── Collected data

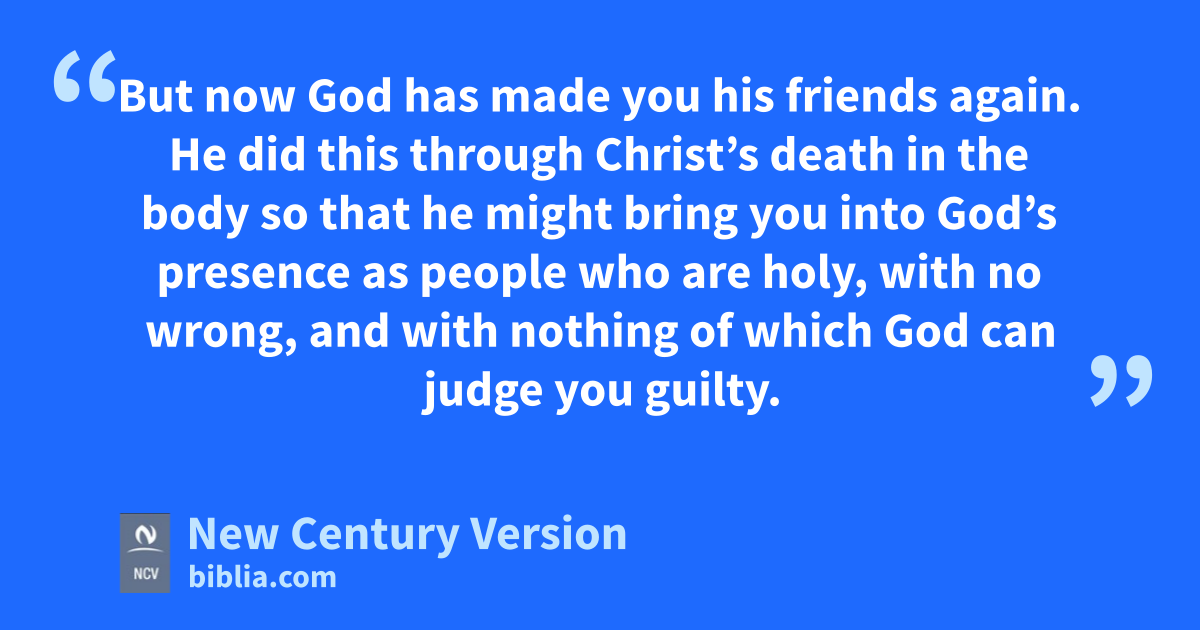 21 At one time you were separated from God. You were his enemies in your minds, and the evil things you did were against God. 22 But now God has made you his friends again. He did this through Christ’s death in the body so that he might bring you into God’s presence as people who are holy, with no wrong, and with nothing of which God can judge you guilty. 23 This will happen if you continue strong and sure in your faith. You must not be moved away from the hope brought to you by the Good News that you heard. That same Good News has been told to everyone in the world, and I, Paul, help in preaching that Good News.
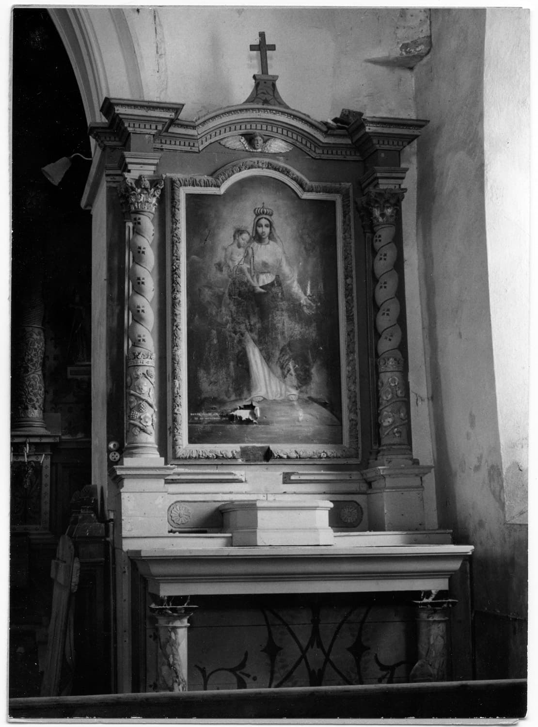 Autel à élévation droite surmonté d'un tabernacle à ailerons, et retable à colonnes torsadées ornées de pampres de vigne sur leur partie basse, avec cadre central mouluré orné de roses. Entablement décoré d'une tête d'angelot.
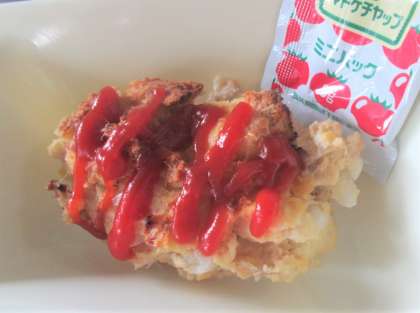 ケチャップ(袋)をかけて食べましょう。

────

■ Problem requirements ■
For each line above, output its wording exactly and leave out any picture.

■ Answer space ■
 21 At one time you were separated from God. You were his enemies in your minds, and the evil things you did were against God. 22 But now God has made you his friends again. He did this through Christ’s death in the body so that he might bring you into God’s presence as people who are holy, with no wrong, and with nothing of which God can judge you guilty. 23 This will happen if you continue strong and sure in your faith. You must not be moved away from the hope brought to you by the Good News that you heard. That same Good News has been told to everyone in the world, and I, Paul, help in preaching that Good News.
 Autel à élévation droite surmonté d'un tabernacle à ailerons, et retable à colonnes torsadées ornées de pampres de vigne sur leur partie basse, avec cadre central mouluré orné de roses. Entablement décoré d'une tête d'angelot.
 ケチャップ(袋)をかけて食べましょう。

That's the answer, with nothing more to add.